┌─ Dataset content
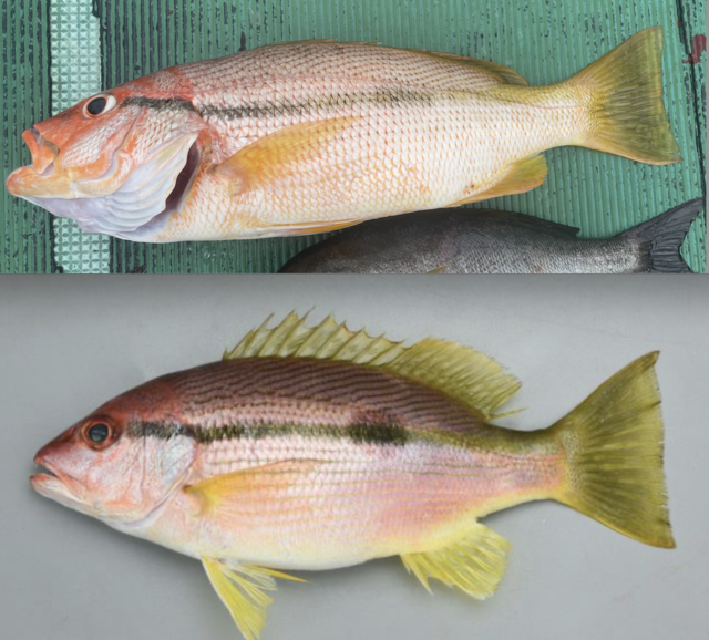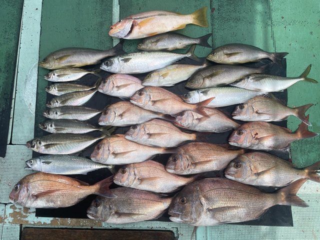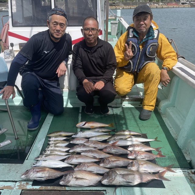 (カンパチ)33cm 合計1匹 マダイ 31~57cm 1~7匹 マサバ 39~42cm 合計3匹 マアジ 25~39cm 合計7匹 イサキ 32~39cm 合計4匹 タテフエダイ 44cm 合計1匹 ☆大気が不安定というその言葉通りの空模様になりました。南風が強くて一時は雨に降られました。 ★今朝は下り潮からのスタートです。朝マズメにアジとサバを釣っていただくことができました。 ☆その後は風が強くなり、雨にも降られ、コンディションは悪くなるばかりでしたが、まずはイサキを釣ってくれました。 ★その後、マダイがヒットするようになりました。はじめはチャリコでしたが、途中に良型が当たりました。 ☆合間にカンパチの幼魚であるシオの顔を見ることができました。 ★もう一匹、名前の知らない魚があがりました。帰ってから調べてみると、どうやら「タテフエダイ」という魚に似ているようです。確証はありませんが。 ☆生息地は沖縄と和歌山の串本とありました。本来はサンゴ礁のあるところに生息しているみたいです。これも温暖化の影響でしょうか。 ★本日は風と雨のなかどうもありがとうございました。
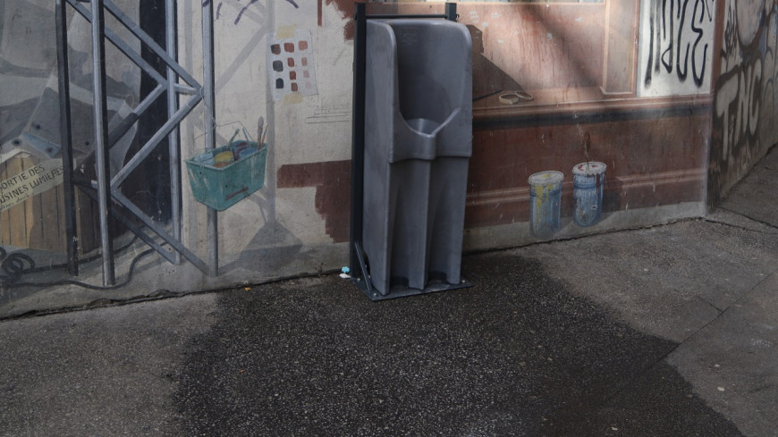 Depuis deux semaines, des urinoirs ouverts sont disséminés dans les rues afin de permettre aux squatteurs de la place Gabriel-Péri de se soulager sans avoir à rentrer chez eux, ou à le faire contre un mur.
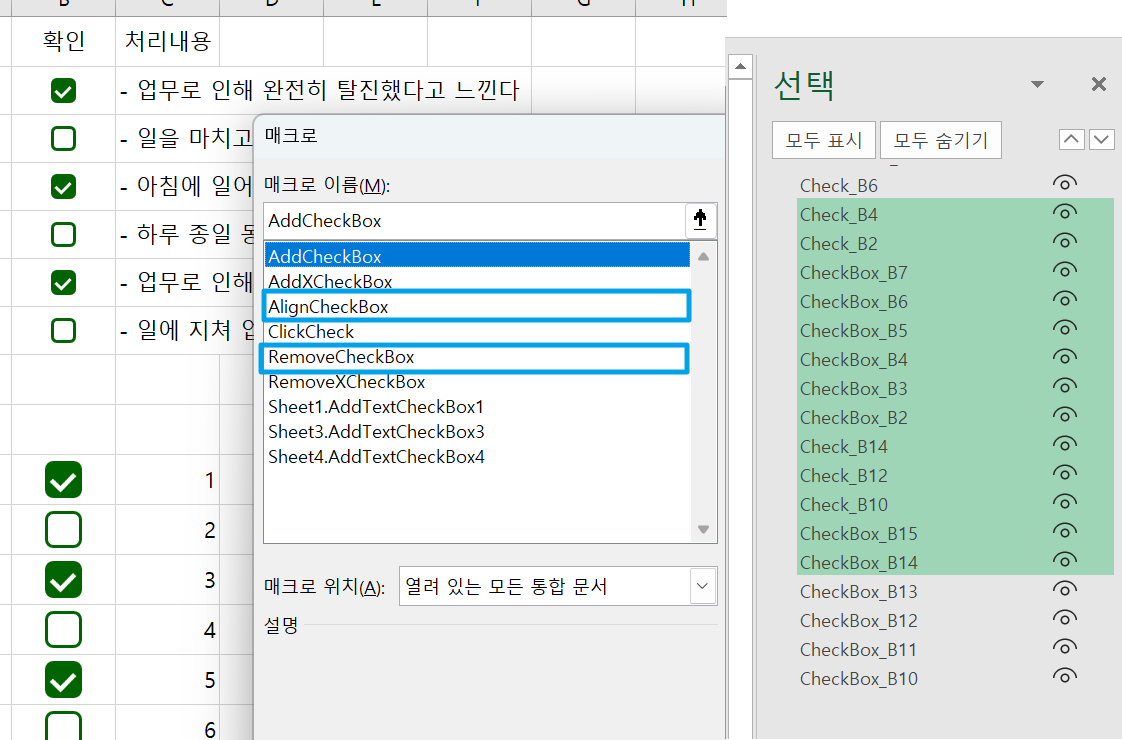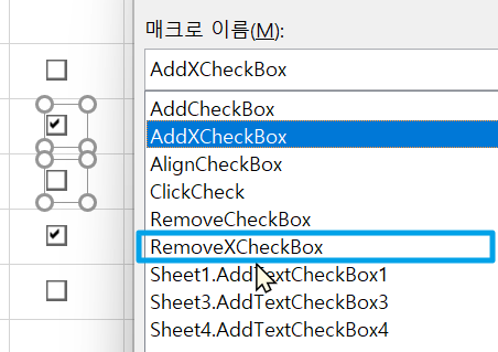 체크박스가 추가되면 Alt+F10 선택창에 네모 도형이 생기고 체크를 하면 체크도형(L자 도형)이 추가되고 RemoveCheckBox로 삭제하면 체크 둥근네모와 체크 도형들이 삭제됩니다. 이 도형들을 마우스 우클릭으로 클릭해서 삭제해도 되고 디자인 모드에서 드래그로 선택해서 삭제해도 됩니다.
└─
▶ _The task_:
Apart from the pictures, every line above must be printed exactly.

▶ _Your solution_:
 (カンパチ)33cm 合計1匹 マダイ 31~57cm 1~7匹 マサバ 39~42cm 合計3匹 マアジ 25~39cm 合計7匹 イサキ 32~39cm 合計4匹 タテフエダイ 44cm 合計1匹 ☆大気が不安定というその言葉通りの空模様になりました。南風が強くて一時は雨に降られました。 ★今朝は下り潮からのスタートです。朝マズメにアジとサバを釣っていただくことができました。 ☆その後は風が強くなり、雨にも降られ、コンディションは悪くなるばかりでしたが、まずはイサキを釣ってくれました。 ★その後、マダイがヒットするようになりました。はじめはチャリコでしたが、途中に良型が当たりました。 ☆合間にカンパチの幼魚であるシオの顔を見ることができました。 ★もう一匹、名前の知らない魚があがりました。帰ってから調べてみると、どうやら「タテフエダイ」という魚に似ているようです。確証はありませんが。 ☆生息地は沖縄と和歌山の串本とありました。本来はサンゴ礁のあるところに生息しているみたいです。これも温暖化の影響でしょうか。 ★本日は風と雨のなかどうもありがとうございました。
 Depuis deux semaines, des urinoirs ouverts sont disséminés dans les rues afin de permettre aux squatteurs de la place Gabriel-Péri de se soulager sans avoir à rentrer chez eux, ou à le faire contre un mur.
 체크박스가 추가되면 Alt+F10 선택창에 네모 도형이 생기고 체크를 하면 체크도형(L자 도형)이 추가되고 RemoveCheckBox로 삭제하면 체크 둥근네모와 체크 도형들이 삭제됩니다. 이 도형들을 마우스 우클릭으로 클릭해서 삭제해도 되고 디자인 모드에서 드래그로 선택해서 삭제해도 됩니다.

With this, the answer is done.